# Convolve and fitting

I want to convolve two equation, then I want to find the parameters. But it doesn't give the answer and Takes too much time. What is the wrong with my code?

nlm = NonlinearModelFit[
data, {Convolve[
a*UnitStep[x - b]*c*Sqrt[x - b]*
Divide[Pi*Divide[Sqrt[d], Sqrt[x - b]]*
Exp[Pi*Divide[Sqrt[d], Sqrt[x - b]]],
Sinh[Pi*Divide[Sqrt[d], Sqrt[x - b]]]] +
a*d*Sum[Divide[4*Pi, n^3]*DiracDelta[x - b + d/n^2], {n, 1, 1}],
VoigtDistribution, x, y], b < Min[data[[All, 1]]],
b < Min[data[[All, 1]]]}, {{a, 10}, {b, -1}, c, d}, x];
nlm["BestFitParameters"]

• I noticed, that VoigtDistribution requieres 2 parameters but you provided none. – meneken17 Sep 24 '18 at 19:54
• What does it mean, is it X and y?could you tell me how to use Voigt distribution function correctly – Tharaka Sep 25 '18 at 0:13
• How do I enter those parameters with my code?
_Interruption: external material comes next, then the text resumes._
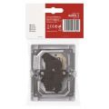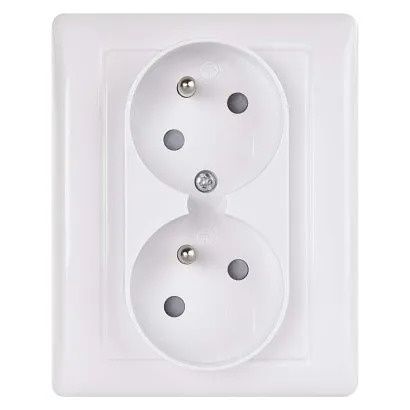 Kvalitní dvojnásobná FRENCH zásuvka s integrovanými dětskými clonkami. Montáž do krabice. IP20. Šroubové svorky. Dvě pootočené zásuvkové dutiny.

I have around 600 experimental data. Could you please make it correct? – Tharaka Sep 25 '18 at 1:55
• You've asked 8 questions (with several of them appearing to be about the same dataset and model), few responses from you, and no accepting of any answers. Please respond to the answers and/or comments to get this issue resolved. – JimB Nov 26 '18 at 16:25

I neither know the context of your calculation nor do I know properties of the Voigt distribution so I cannt help you choose those: According to the reference and the wikipedia-article it should be VoigtDistribution[sigma,delta] where sigma is the standard-error of the underlying gauss distributionand delta is the $$\gamma$$ of the unerdlying Lorentz distribution.
As VoigtDistribution[\sigma,\delta] gives you a distribution you have to use
PDF[VoigtDistribution[sigma,delta],x]